■ **HOW TO COMPLETE THIS TASK**
Exactly the lines from the opening of the records through the line containing "纯棉收腹内裤女士性感新款蕾丝无痕中腰少女提臀女生大码胖mm三角" should be copied, with both included.
____ RECORDS TO PROCESS
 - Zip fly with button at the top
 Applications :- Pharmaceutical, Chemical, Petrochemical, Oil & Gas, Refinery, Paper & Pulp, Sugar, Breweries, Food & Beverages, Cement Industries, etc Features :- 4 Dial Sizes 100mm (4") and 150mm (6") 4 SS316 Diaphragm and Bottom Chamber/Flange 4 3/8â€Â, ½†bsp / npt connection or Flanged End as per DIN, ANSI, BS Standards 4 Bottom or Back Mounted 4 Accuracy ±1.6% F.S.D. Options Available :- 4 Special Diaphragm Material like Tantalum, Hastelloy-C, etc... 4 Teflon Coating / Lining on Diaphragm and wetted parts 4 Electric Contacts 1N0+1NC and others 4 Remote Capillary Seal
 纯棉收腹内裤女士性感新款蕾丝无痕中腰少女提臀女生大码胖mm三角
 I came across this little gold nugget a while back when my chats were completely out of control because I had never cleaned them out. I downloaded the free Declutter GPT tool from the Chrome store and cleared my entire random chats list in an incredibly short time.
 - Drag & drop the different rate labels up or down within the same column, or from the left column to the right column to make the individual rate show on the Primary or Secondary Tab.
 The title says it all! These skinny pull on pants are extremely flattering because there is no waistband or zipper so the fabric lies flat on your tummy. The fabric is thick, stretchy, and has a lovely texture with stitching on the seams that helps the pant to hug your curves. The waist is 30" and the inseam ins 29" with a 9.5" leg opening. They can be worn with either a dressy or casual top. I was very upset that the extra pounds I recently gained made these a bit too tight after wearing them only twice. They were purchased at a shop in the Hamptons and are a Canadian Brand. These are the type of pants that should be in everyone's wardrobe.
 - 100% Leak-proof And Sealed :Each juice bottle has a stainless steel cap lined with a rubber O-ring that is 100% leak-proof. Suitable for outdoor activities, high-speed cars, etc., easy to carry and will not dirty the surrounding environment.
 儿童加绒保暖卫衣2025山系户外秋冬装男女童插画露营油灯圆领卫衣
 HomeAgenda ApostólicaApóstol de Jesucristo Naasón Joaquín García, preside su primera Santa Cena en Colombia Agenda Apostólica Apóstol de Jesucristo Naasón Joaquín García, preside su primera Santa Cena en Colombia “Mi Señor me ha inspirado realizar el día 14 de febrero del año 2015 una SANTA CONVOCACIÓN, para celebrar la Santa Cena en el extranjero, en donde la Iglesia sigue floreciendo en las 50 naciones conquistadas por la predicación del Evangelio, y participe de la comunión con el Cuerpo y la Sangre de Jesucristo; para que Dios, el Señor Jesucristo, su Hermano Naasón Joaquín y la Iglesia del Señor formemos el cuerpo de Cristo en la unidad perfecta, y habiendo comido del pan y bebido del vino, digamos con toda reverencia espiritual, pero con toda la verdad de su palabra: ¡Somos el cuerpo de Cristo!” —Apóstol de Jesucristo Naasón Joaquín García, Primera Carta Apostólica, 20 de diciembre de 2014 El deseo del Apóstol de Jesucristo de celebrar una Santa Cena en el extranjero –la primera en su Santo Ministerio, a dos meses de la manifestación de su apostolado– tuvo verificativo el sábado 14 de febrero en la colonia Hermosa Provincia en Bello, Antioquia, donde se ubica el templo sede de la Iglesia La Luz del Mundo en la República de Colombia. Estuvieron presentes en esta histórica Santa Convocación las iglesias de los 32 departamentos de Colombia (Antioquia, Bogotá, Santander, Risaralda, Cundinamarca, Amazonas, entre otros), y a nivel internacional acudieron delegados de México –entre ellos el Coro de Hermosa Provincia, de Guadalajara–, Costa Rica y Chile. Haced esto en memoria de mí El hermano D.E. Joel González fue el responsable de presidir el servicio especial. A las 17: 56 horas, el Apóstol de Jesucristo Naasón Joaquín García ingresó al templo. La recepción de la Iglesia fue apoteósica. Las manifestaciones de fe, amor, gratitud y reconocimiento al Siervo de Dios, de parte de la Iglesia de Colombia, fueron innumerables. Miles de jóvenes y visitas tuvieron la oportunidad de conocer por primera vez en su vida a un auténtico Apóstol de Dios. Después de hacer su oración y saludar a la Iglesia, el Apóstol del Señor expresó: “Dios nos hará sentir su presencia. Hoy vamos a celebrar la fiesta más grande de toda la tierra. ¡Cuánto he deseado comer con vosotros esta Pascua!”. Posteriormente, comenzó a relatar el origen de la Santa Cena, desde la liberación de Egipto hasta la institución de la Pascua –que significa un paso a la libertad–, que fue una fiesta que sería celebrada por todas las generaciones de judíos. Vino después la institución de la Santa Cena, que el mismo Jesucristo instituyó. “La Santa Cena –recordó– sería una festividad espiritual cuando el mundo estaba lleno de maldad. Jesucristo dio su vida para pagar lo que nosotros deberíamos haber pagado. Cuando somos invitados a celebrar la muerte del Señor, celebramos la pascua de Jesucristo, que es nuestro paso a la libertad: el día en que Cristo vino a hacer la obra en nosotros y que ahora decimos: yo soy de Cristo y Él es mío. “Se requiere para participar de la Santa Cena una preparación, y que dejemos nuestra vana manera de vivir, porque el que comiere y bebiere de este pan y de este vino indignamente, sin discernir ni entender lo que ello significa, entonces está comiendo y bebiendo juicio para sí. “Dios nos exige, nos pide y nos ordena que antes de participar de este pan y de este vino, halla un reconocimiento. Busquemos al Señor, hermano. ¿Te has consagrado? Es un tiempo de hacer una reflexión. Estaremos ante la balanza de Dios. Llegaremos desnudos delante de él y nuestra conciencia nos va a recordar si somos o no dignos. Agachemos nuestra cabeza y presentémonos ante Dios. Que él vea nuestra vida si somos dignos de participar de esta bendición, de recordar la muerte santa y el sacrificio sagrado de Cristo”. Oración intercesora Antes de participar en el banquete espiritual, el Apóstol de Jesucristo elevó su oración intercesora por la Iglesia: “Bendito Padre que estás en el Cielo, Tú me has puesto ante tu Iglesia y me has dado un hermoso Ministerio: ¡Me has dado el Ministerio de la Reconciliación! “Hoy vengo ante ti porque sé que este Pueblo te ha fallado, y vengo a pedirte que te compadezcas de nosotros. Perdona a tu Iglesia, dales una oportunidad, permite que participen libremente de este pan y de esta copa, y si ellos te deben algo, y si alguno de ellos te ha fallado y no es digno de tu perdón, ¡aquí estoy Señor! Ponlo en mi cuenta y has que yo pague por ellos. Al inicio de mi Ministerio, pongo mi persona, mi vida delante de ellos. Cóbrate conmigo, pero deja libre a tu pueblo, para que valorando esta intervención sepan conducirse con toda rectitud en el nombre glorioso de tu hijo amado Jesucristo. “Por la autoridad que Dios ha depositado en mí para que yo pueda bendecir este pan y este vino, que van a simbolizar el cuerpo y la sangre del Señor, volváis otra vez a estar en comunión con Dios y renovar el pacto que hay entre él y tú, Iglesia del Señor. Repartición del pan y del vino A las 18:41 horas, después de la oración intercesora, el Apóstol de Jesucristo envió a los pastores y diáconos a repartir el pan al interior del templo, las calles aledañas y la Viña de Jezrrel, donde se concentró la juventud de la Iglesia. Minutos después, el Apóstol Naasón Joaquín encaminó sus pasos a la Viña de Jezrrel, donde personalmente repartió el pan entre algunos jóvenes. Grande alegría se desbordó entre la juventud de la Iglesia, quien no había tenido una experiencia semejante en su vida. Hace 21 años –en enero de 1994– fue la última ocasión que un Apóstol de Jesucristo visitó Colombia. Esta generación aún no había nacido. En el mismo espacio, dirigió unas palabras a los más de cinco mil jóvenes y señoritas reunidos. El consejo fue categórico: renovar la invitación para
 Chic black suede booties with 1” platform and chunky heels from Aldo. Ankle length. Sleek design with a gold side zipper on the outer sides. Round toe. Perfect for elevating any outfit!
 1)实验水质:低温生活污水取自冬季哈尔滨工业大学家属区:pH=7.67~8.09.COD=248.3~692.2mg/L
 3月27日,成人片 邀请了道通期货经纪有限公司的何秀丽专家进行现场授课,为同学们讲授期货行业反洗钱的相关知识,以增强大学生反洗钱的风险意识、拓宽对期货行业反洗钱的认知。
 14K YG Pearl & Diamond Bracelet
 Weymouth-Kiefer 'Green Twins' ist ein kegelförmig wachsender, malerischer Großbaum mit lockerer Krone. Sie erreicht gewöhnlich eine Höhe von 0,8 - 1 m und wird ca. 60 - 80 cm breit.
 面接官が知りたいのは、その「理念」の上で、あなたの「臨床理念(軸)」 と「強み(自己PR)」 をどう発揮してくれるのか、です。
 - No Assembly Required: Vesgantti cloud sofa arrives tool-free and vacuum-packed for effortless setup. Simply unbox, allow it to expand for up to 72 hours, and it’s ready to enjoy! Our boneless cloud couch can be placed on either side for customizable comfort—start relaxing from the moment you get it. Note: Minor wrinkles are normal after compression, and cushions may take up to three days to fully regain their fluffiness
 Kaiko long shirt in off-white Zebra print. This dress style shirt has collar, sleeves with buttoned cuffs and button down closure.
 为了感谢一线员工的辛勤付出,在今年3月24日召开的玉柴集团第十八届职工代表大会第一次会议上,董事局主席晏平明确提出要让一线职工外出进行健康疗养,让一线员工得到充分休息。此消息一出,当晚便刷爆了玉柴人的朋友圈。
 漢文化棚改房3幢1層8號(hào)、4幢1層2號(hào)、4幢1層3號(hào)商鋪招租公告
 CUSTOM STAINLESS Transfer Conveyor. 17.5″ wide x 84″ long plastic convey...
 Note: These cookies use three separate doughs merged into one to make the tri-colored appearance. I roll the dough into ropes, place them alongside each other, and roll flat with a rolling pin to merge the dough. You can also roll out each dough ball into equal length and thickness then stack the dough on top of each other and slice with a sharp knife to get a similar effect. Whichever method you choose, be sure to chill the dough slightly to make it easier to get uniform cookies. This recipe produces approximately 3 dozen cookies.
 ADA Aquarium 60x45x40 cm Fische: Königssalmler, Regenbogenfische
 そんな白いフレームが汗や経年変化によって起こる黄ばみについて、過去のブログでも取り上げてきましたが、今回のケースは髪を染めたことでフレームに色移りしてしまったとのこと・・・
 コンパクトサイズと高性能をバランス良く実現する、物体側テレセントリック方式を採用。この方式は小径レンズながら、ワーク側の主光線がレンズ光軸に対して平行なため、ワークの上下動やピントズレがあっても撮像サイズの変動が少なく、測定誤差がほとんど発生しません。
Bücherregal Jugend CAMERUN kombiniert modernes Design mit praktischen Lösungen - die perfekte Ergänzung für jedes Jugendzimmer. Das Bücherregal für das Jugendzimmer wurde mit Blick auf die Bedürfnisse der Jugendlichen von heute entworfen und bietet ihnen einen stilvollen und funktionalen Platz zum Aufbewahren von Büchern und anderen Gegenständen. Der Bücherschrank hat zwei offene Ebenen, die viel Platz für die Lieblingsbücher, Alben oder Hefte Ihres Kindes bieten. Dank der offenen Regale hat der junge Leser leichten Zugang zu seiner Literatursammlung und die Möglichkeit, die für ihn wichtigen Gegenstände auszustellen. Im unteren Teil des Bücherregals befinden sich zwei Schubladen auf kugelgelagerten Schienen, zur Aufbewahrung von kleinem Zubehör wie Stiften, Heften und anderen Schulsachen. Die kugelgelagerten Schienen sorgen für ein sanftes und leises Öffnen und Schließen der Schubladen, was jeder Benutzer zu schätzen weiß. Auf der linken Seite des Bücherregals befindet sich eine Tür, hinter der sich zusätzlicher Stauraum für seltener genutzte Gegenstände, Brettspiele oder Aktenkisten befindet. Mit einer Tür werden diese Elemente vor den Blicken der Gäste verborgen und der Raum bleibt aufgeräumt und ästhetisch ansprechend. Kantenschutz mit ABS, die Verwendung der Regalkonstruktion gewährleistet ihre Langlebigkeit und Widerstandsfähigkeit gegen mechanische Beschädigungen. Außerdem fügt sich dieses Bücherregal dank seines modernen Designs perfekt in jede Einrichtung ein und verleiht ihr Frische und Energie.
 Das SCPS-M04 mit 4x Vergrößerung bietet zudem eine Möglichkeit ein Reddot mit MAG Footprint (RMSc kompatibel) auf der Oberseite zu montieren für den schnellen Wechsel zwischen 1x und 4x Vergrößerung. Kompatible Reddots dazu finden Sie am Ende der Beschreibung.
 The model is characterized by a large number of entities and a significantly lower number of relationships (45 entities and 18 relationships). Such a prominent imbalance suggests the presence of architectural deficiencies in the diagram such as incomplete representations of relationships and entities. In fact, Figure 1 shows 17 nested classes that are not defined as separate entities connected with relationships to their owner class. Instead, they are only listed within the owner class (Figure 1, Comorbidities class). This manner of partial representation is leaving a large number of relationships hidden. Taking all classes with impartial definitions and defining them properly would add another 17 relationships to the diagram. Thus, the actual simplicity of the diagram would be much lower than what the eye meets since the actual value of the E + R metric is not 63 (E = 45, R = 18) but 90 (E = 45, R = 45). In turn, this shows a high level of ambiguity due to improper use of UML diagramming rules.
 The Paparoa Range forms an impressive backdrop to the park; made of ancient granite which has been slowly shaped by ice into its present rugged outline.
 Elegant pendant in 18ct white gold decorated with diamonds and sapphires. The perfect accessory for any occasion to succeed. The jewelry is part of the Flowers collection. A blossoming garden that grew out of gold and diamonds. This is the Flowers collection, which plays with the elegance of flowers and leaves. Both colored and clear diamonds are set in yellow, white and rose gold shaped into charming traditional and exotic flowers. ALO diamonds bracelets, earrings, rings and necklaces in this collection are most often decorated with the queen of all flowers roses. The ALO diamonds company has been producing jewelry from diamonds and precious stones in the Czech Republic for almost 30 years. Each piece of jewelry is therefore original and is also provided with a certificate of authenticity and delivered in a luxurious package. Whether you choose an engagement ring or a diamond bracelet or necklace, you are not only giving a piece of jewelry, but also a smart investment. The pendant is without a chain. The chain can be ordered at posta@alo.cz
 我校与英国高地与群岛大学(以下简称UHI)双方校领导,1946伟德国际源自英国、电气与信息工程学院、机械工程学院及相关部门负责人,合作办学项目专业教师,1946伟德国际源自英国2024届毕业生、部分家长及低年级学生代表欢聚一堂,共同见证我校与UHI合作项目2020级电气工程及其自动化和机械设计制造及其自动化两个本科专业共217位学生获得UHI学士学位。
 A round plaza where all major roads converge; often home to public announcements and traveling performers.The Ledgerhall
________
■ **RESPONSE**
 - Zip fly with button at the top
 Applications :- Pharmaceutical, Chemical, Petrochemical, Oil & Gas, Refinery, Paper & Pulp, Sugar, Breweries, Food & Beverages, Cement Industries, etc Features :- 4 Dial Sizes 100mm (4") and 150mm (6") 4 SS316 Diaphragm and Bottom Chamber/Flange 4 3/8â€Â, ½†bsp / npt connection or Flanged End as per DIN, ANSI, BS Standards 4 Bottom or Back Mounted 4 Accuracy ±1.6% F.S.D. Options Available :- 4 Special Diaphragm Material like Tantalum, Hastelloy-C, etc... 4 Teflon Coating / Lining on Diaphragm and wetted parts 4 Electric Contacts 1N0+1NC and others 4 Remote Capillary Seal
 纯棉收腹内裤女士性感新款蕾丝无痕中腰少女提臀女生大码胖mm三角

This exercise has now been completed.